When we entered Italy, they scanned our whole body temperature with a thermal camera, and that’s how I knew were weren’t in Kansas (Greece) anymore.
When I met the local guide in Florence she told me she wasn’t shaking hands, which wouldn’t have been so ominous if the famous square we met at wasn’t so empty. We had a lovely time going from unoccupied museums to delicious gelato stops. It was a day and a half of rest and art, a necessary reprieve from the architectural history in Greece and the fatigue that was building in my travelers.
The next day we arrived at the Vatican where Ilaria, our guide, proceeded to tell us the juicy stories of sex, jealousy, and pettiness that Corrado (our usual guide) always fails to mention. She specifically told the story of Michaelangelo being salty when painting the Sistine Chapel. When I gave the group free time (the thing that kept my introvert self going), I made my way to my favorite restaurant in Rome, Ristorante Tre Pupazzi by the Vatican. When that half of a bottle of white wine, caprese starter, and cacio e pepe hit my mouth, tears welled up in my eyes. Thank God for respite and carbs. This specific trip I learned my lesson of how to let go and relax during my free time. I learned how to sit at the Piazza Navona with a coca-cola for two hours just people watching, how to spend time at my favorite tea shop adjacent to the Spanish steps without guilt, and how to sip a cappuccino looking at the Roman Forum while practicing my Italian with the waiters.
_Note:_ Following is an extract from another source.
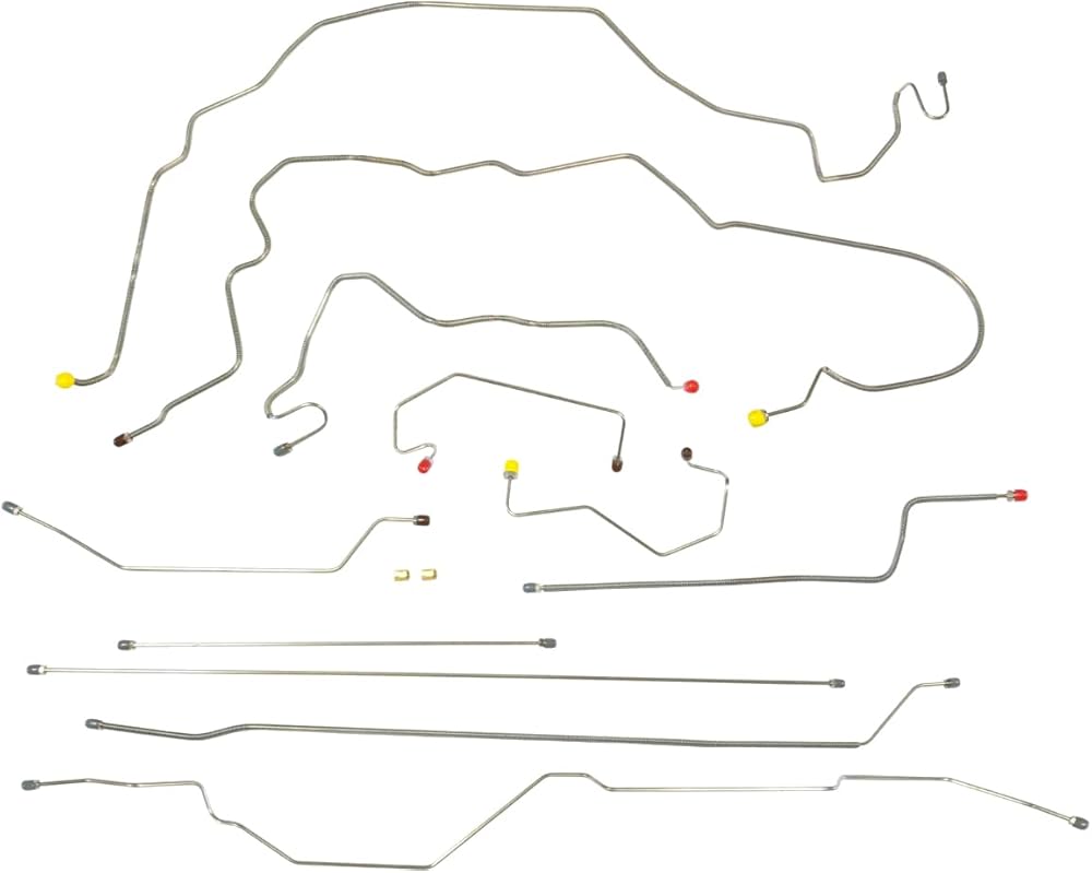 1997-2003 2wd Short Bed Std Cab, Rear Drum Brakes, 4 Wheel Abs Factory Power Disc Brake Line Set Complete Stainless Steel Factory Preformed Brake Line Set - Stainless Steel (Picture May Not Represent Actual Part) Manufactured By Inline Tube These Brake lines are preformed on our exclusive Cnc Computer Benders to the original factory specs with the correct color coated fittings and wrap where on the original. This is Inline Tube concourse restoration part. Outstanding quality and correct plating on all fittings Inline Tube exclusive - made in the Usa Dont settle for the competitors cheap hand bent replacement lines. Only Inline Tube Cnc computer manufactures brake lines exact to the factory originals in authentic tin-coated or premium stainless steel. Our sets come complete with all of the brake lines preformed, flared with fittings on the ends, ready to install on your car, just the way should be correct and complete.

The Spanish steps are actually no longer available to sit and relax on, there are men and women in obnoxiously neon vests telling you to get off if you even stop to take a picture. I secretly loved this because it caused my group to go out and explore the high-end shopping district of Rome (Go! Be free! (without me)).
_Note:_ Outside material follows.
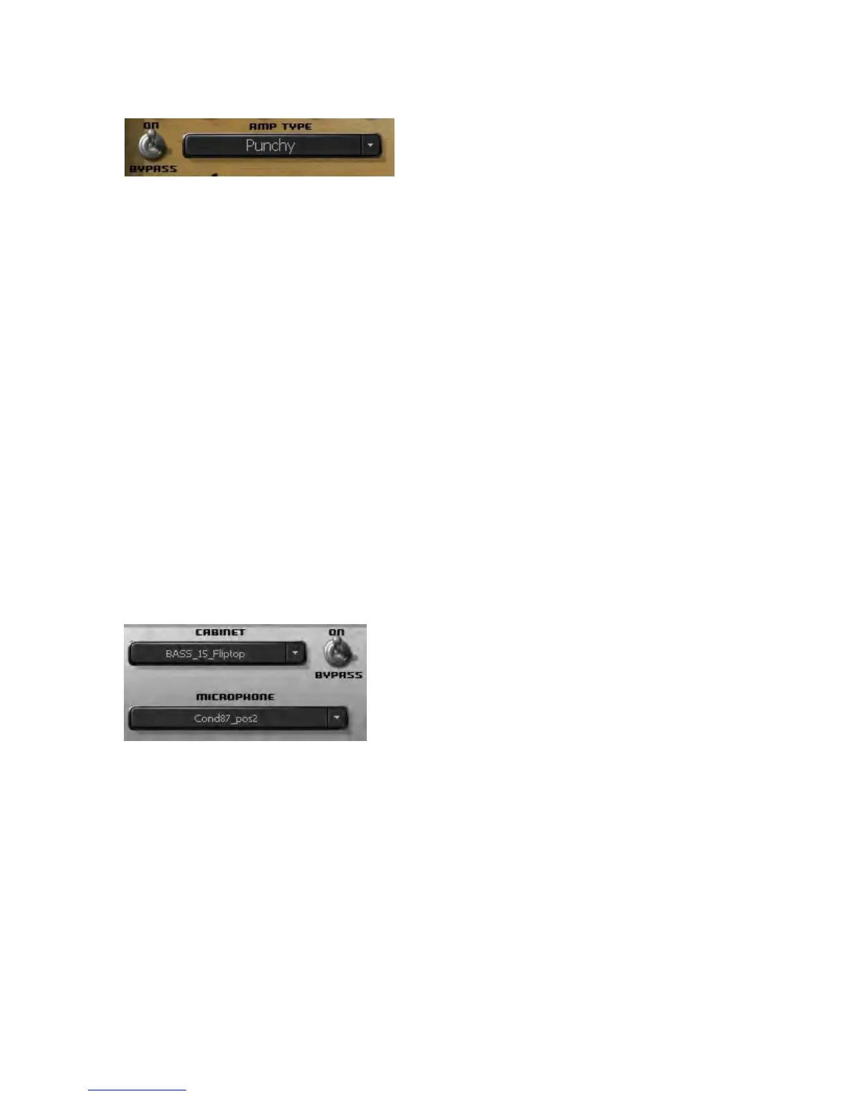 AMP controls Amp activation/bypass. When set to Bypass, input is routed directly

The last day we arrived to the Colosseum, and it met my expectations of always being the hardest entrance process ever. Every year they don’t accept my tickets, we need passports, or something ridiculous. Thank the Lord for Andrea (in this moment). Once we got into the Colosseum, it was empty and void of the usual numerous tour groups and tourists. We were in and out of there like bandits in the night (Not the point, Andrea).
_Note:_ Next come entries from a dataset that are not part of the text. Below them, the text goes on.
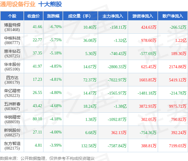 个股表现方面,通用设备行业当日领跌股为博盈特焊(301468),该股当日报收41.66,下跌6.7%,成交量10.4万,主力资金净流出158.11万元。中核科技(000777)以下跌5.75%紧随其后,该股当日成交量36.08万,主力资金净流出1.32亿元。除此之外,惠丰钻石(920725)、华丰股份(605100)、四方达(300179)均进入当日熊股之列。具体个股列表见下表:
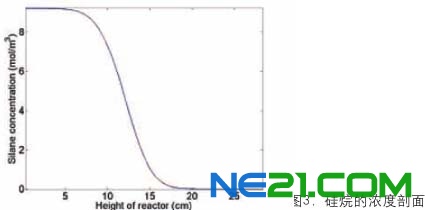 反应模块计算硅烷、氢、硅和形成的细粒子浓度与反应器高度的关系。在反应器高度上通过综合非均相反应和清除率,浓度剖面和细粒子形成速率决定了群体平衡模块所用的淀积速率。图3显示,硅烷及硅蒸汽浓度在反应器的入口处变化很快。浓度剖面中的初始平台是由于反应器入口的温度低。硅蒸汽浓度非常小,因为它不断进行均相成核。
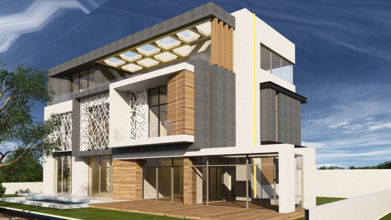 The primary structural challenges in this luxury villa are centered around the cantilever, which includes a canopy over a swimming pool spanning 4.7 meters, as well as an unsupported and spiral-shaped staircase that extends for 8 metersview more
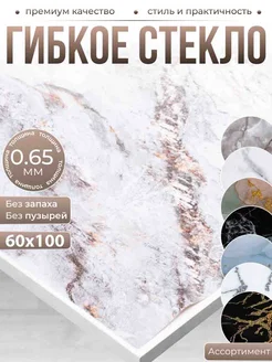 Гибкое стекло с рисунком для стола мраморное 60x100см
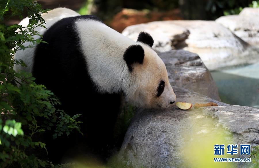 4月6日,在美國(guó)圣迭戈動(dòng)物園熊貓館,大熊貓“白云”在吃水果。新華社記者李穎攝
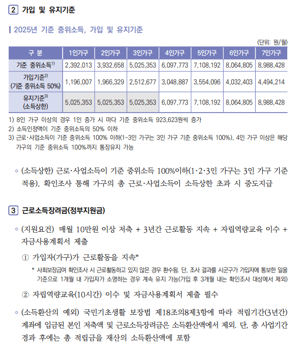 | 가구원 수 | 중위소득 100% | 가입 기준 (50%) | 유지 기준 (150%) |
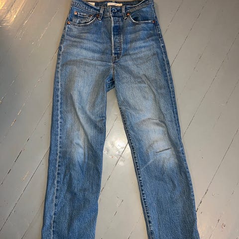 Myydään hyväkuntoiset Levi's 501 farkut. Väri on kulutettu sininen, ysärityylinen väri.
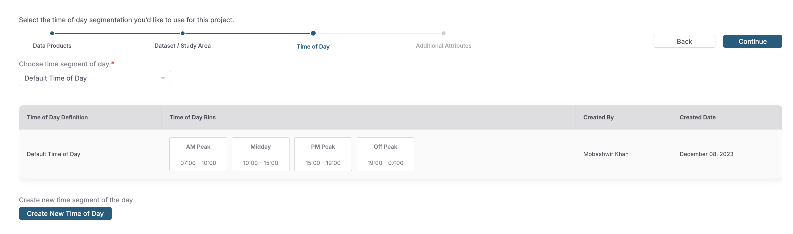 Step 3: Specify the time of day parameters you want to apply for this project. The smallest time of day bin that can be specified is 30 minutes. These intervals will add up to create a 24 hour period.

That night my claim that Italian men are insufferably forward was corroborated in front of my whole group when the waiter at our pizza restaurant called me his wife, required me to stay by his side when talking to the kids, and inviting me on a date and over his house before my 7 AM wake up call the next morning. That’s a hard no, Casanova.
My group arrived at the airport and left my presence to go back to the states seamlessly on their last day, and then I could focus on planning how much wine I was going to down the next day while I laid in my hostel bed mooching off free WiFi.